Task to carry out: Transcribe the entries below exactly, starting with the line that has "ธนบัตร 10 บาท" and stopping after the line that has "05.02.-18:28 | Fossy | ||"; no pictures belong in the copy.
Segment Start: Raw data
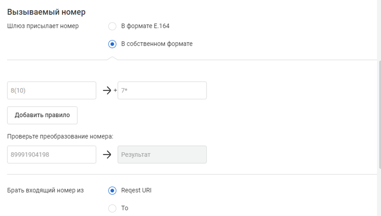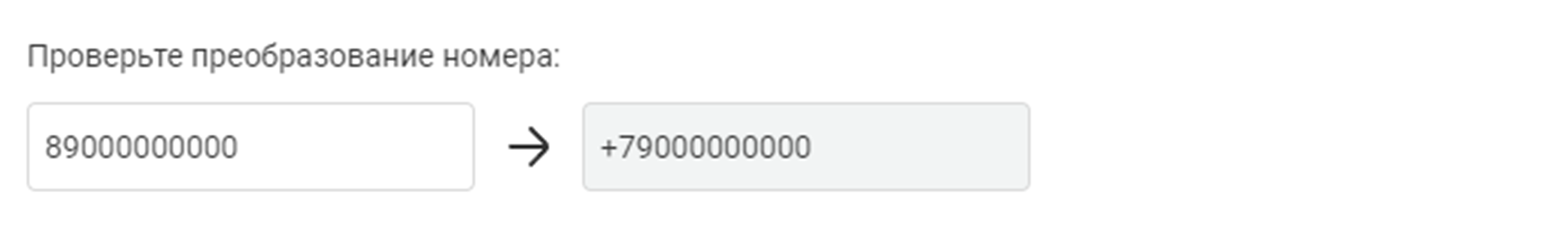 Например, номер, с которого поступает входящий вызов, имеет формат 8XXXXXXXXXX. Платформа воспринимает номера в формате 7XXXXXXXXXX. Для трансляции номера необходимо задать правило.
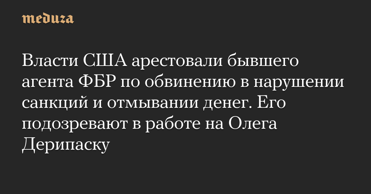 Власти США арестовали бывшего агента ФБР по обвинению в нарушении санкций и отмывании денег. Его подозревают в работе на Олега Дерипаску
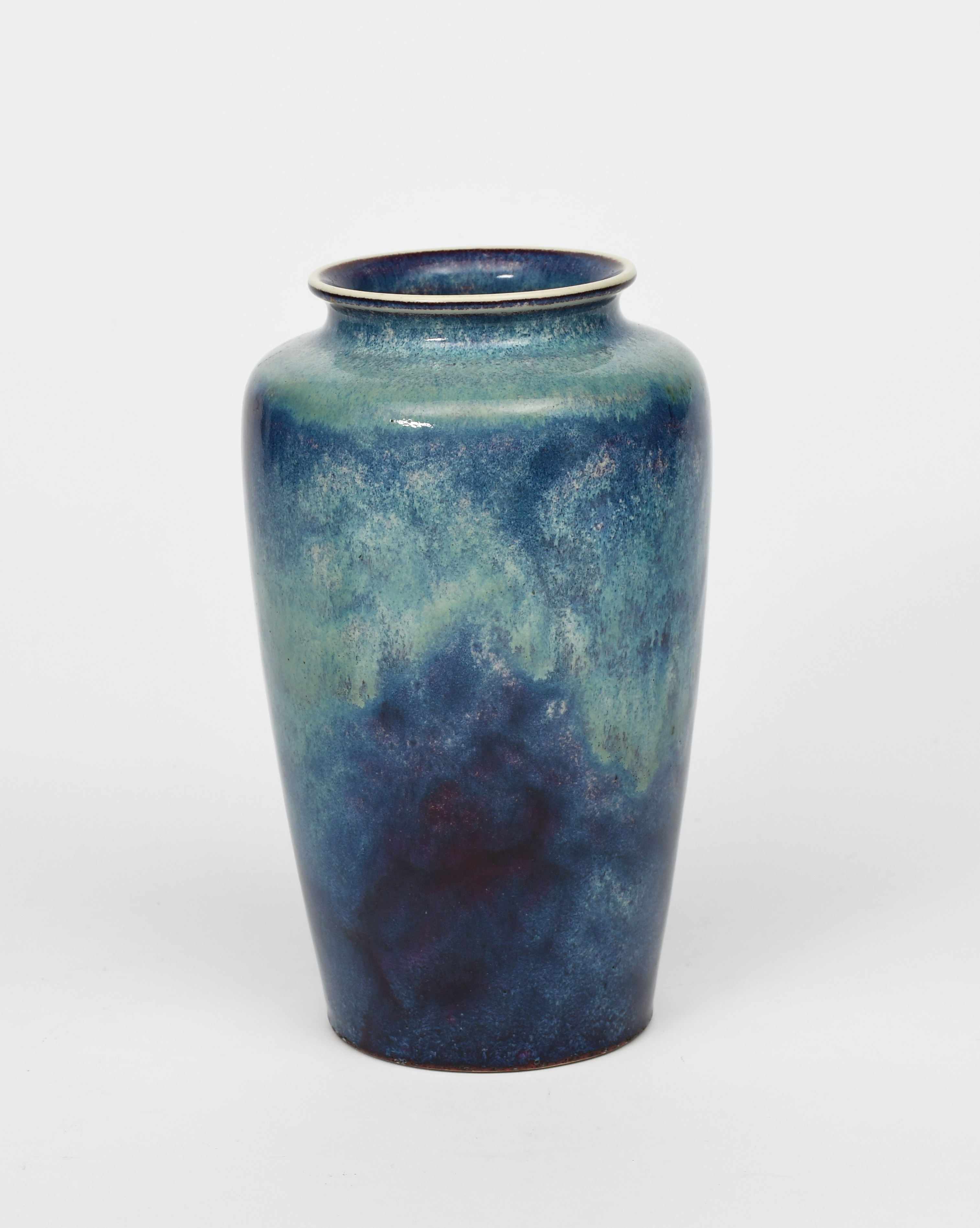A Ruskin Pottery High-fired stoneware vase by William Howson-Taylor, dated 1909, shouldered form,
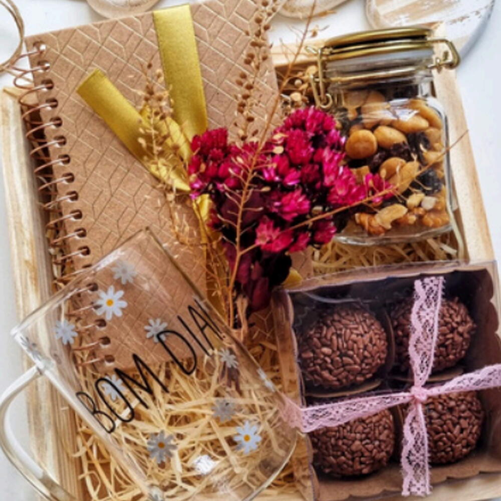 embalagem - 1 pcs cartão - 1 pcs xícara - 1 pcs caixinha pinus 20x20cm - 1 pcs drip coffee ou chá - 1 pcs caderneta para anotações - 1 pcs caixinha com brigadeiro gourmet - 1 pcs potinho de vidro de nuts - 1 pcs bouquet de flores desidratadas - 1 pcs
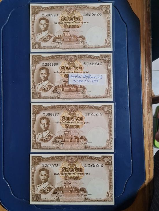 ธนบัตร 10 บาท โทมัส แบบ 9 จำนวน 4 ใบ จากแหนบเดียวกัน เลขเรียง 2 ใบ สุดสวย เคาะเดียวค่าส่ง |
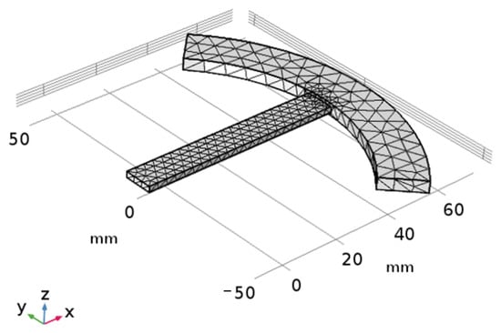 COMSOL Multiphysics numerical simulation software was employed to analyze the forced vibration. The meshing is divided through physical field control using COMSOL software. Conventional triangular meshing is used in the cantilever beam part, and the piezoelectric plate part is a grid with encryption meshes. The complete grid model contains 16,339 domain elements, 6796 boundary elements and 582 edge elements, as illustrated in Figure 4. As to the boundary conditions, the far end face of the cantilever beam and the part in contact with the piezoelectric plate are set as the fixed end. The initial velocity field and structural displacement field are set to be Zero. The piezoelectric material is set as the stress–charge type, and elastic matrix and coupling matrix are set as material library control. The multi-physical field adopts the built-in “piezoelectric effect” module in COMSOL, and the coupling interface is set as solid mechanics and electric field.
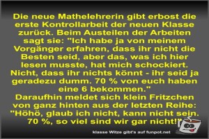 | Die neue Mathelehrerin gibt erbost die erste Kontrollarbeit Bild (74.68 KB) Lustiges → klasse Sprüche und Witze | Lustiges → klasse Sprüche und Witze | 05.02.-18:28 | Fossy | ||
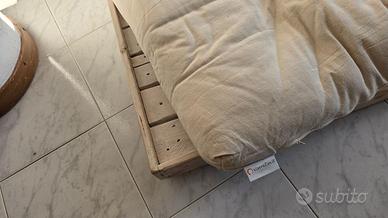 Il materasso è in pula di farro biologico, il rivestimento in cotone bio, legno trattato cera naturale.
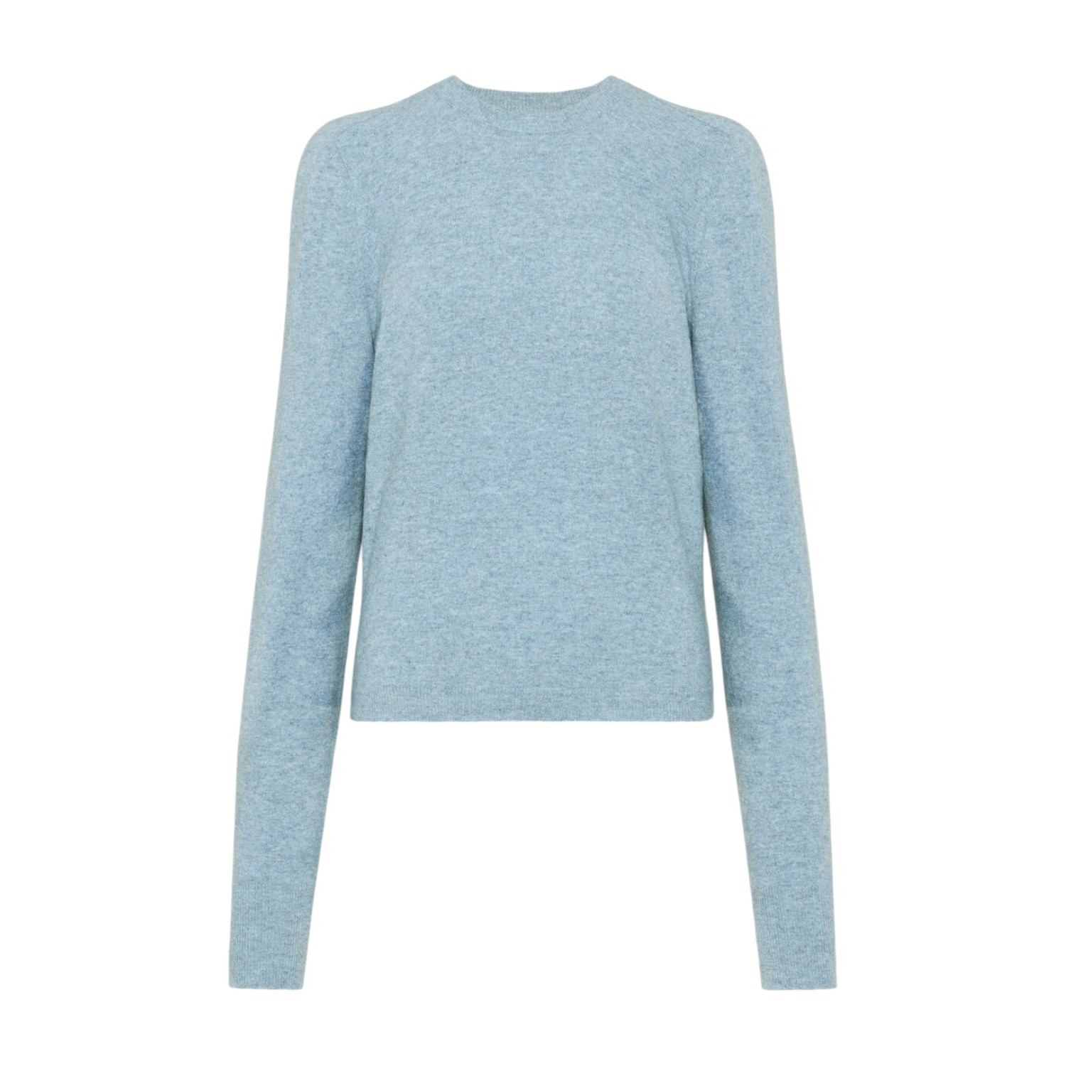 Maison Margiela Blue Wool Knit Top. Blue wool knit top with crew neck, raised seams at shoulder. Ribbed cuffs and hem, four stitches at the back.
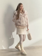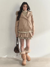 Say goodbye to bulky winter looks with this effortlessly stylish two-in-one down jacket. Combining the elegance of a trench coat silhouette with the warmth of premium down, it blends practicality and aesthetics seamlessly. Crafted from durable Dupan three-proof fabric, it offers excellent resistance to water, oil, and stains while maintaining a smooth, refined texture. The jacket features a diagonal weave for subtle dimension and a detachable hood for added wind protection and warmth. The soft faux-fur collar enhances coziness and adds a refined touch to the neckline. Dropped sleeves create a relaxed yet structured silhouette, while the double-breasted floral buttons bring out a nostalgic vintage charm. Lined with a delicate twill fabric and filled with 90% high-quality white duck down, this jacket provides both style and superior warmth.
Segment End: Raw data
Result for this task:
 ธนบัตร 10 บาท โทมัส แบบ 9 จำนวน 4 ใบ จากแหนบเดียวกัน เลขเรียง 2 ใบ สุดสวย เคาะเดียวค่าส่ง |
 COMSOL Multiphysics numerical simulation software was employed to analyze the forced vibration. The meshing is divided through physical field control using COMSOL software. Conventional triangular meshing is used in the cantilever beam part, and the piezoelectric plate part is a grid with encryption meshes. The complete grid model contains 16,339 domain elements, 6796 boundary elements and 582 edge elements, as illustrated in Figure 4. As to the boundary conditions, the far end face of the cantilever beam and the part in contact with the piezoelectric plate are set as the fixed end. The initial velocity field and structural displacement field are set to be Zero. The piezoelectric material is set as the stress–charge type, and elastic matrix and coupling matrix are set as material library control. The multi-physical field adopts the built-in “piezoelectric effect” module in COMSOL, and the coupling interface is set as solid mechanics and electric field.
 | Die neue Mathelehrerin gibt erbost die erste Kontrollarbeit Bild (74.68 KB) Lustiges → klasse Sprüche und Witze | Lustiges → klasse Sprüche und Witze | 05.02.-18:28 | Fossy | ||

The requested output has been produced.